Tuesday, July 23, 2024

Here’s why Tom Brady thinks ‘quarterbacking has gone backwards a little bit in the NFL’

During his illustrious, sure-to-be Hall-of-Fame career, Tom Brady became known not just for his strong arm or his pinpoint accuracy or his resolve under pressure or his ability to get the ball out quickly, but also for his total control of the entire offense. Brady could get to the line of scrimmage, immediately identify what defense the opponent was in, get his team into the right play, and then deliver the ball on time, on target, and to the right receiver, with remarkable consistency. 

And it’s in that last area where he thinks current quarterback play is slipping.

“I think the quarterbacking has gone backwards a little bit in the NFL,” Brady said, via Yahoo! Sports. “I don’t think it’s improved. I don’t think the teaching’s improved. I think maybe the physical fundamentals might be a little bit improved because there’s better information out there for quarterbacks to study on mechanics. But I don’t think quarterbacks really are really field generals right now like they used to be.

“It’s a broad statement, certainly. But I had total control. I had all the tools I needed. I was coached that way. I was developed to have the tools that I needed to go on the field so that whenever something came up, I had the right play, the right formation, the right audible, the right check at the line — to ultimately take control of the 11 guys on offense and get us into a good, positive play.”

As for why he thinks this is happening, Brady had a pretty specific answer: some coaches want the control for themselves.

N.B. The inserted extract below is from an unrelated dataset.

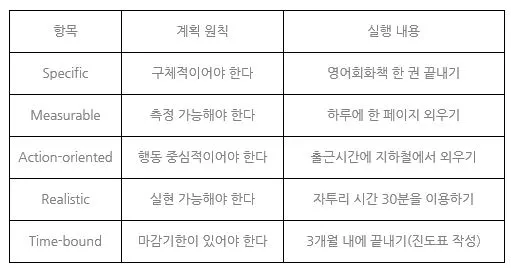 ‘계획을 세워도 작심삼일이라면, 3일에 1번씩 계획을 세우세요. 계획이 제대로 실행되지 못한다면 계획을 수정하면 됩니다. 몇 차례 수정하다 보면 실천이 잘 안 되는 원인이 무엇인지 알게 되고 나에게 맞는 현실적인 계획을 세울 수 있습니다.

“I think now, there’s this try-to-control element from the sideline between the coaches, where they want to have the control,” he said. “And they’re not teaching and developing the players the right tools so that they can go out on the field and make their own decisions that are best suited for the team. When I looked at Peyton Manning, he was a guy that I looked up to because he had ultimate control. And I think the game’s regressed in a little bit of that way, based on what’s happened in high school football, college football and then the NFL’s getting a much lesser developed quarterback at this point.”

Clearly, there are still plenty of quarterbacks who have a great deal of control over their offenses. 

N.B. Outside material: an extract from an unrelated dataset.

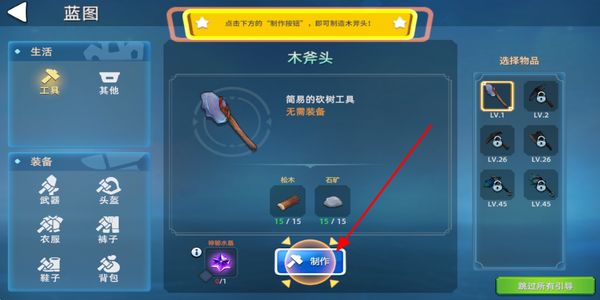 3、进入蓝图界面选择工具分类,消耗收集的材料点击制作按钮,获取木斧头这类工具。
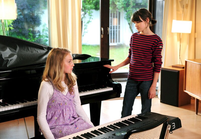 Alex (Jörg Schüttauf) erklärt Sophie (Julia Richter, re.) und Paula (Grace Reutlinger, Mitte), dass seine Tochter Charlie (Annika und Francesca Bolkart, hinten) so gereizt reagiert, weil Paula auf dem Flügel ihrer verstorbenen Mutter musiziert hat.

Aaron Rodgers and Dak Prescott, in particular, are renowned for their pre-snap orchestration, with Rodgers often seemingly calling his own plays at the line and Prescott routinely checking the Cowboys into and out of different looks in response to what the defense shows him. (The tension between how Rodgers likes to play and how Matt LaFleur wanted to call plays was a consistent through-line during their Green Bay partnership.) Matthew Stafford falls in that category as well. There are also players — like Patrick Mahomes, Joe Burrow, Josh Allen, and more — who have a great deal of control over their offenses in terms of playing style and the use of different formations and concepts, as well as line-of-scrimmage checks. And there are still more — Lamar Jackson, Jalen Hurts, etc. — whose offenses are constructed almost entirely around their specific skill sets, so that what they do well can be amplified and what they do not can be minimized.

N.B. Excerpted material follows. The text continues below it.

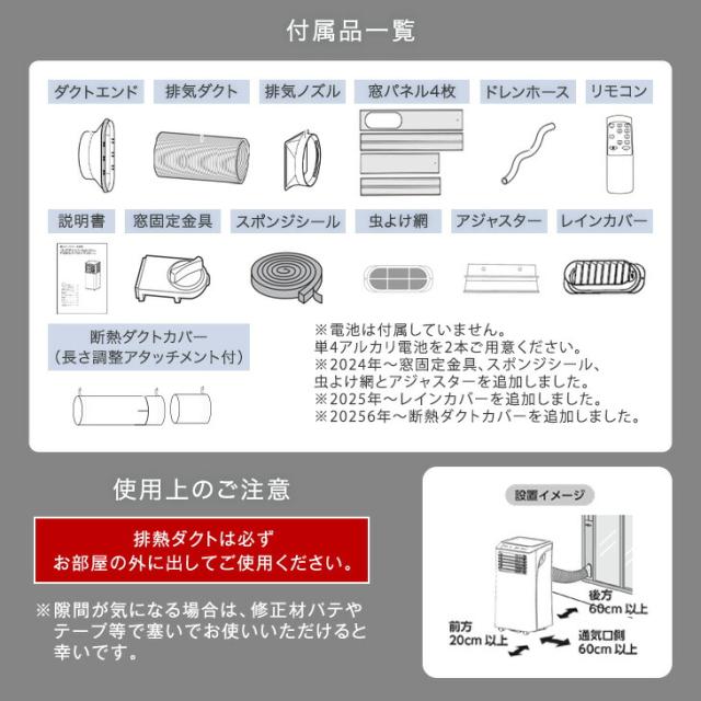 ※2026年4月3日、付属品に断熱ダクトカバー、リモコンにスイングボタンが追加されました。(2026年モデル)

And most other quarterbacks do still have at least some degree of autonomy to audible into the right play at the line. Maybe not to the extent that Brady or Manning did, but some. Still, there are systems where the coach does want the quarterback to simply run the play that is called. Many of the Kyle Shanahan/Sean McVay tree play-callers prefer that route, for example, even if some (i.e. LaFleur: see above) are more flexible about it than others.

Will the league ever get back around to playing like Brady and Manning did, all the time? Maybe. Probably not. But it also might not need to. Offenses and play-calling have evolved to the point where many plays now have multiple options built into them from the jump, and/or enable the quarterback to use what the defense does post-snap, against it and make the correct decision from there. And frankly, a lot of quarterbacks now have the type of athletic gifts that Brady never did, and so don’t have as strong a need to win in every part of the pre-snap phase of play as he did. He mastered that, at least in part, because it was the best way he could succeed. Other quarterbacks’ easiest paths to success might just look different.

Obviously, there is still a need for any quarterback, no matter his style of play, to audible out of plays that look dead on arrival based on offensive and defensive alignments or personnel. And there are still a whole bunch of players capable of doing a lot more than that, whether Brady thinks so or not.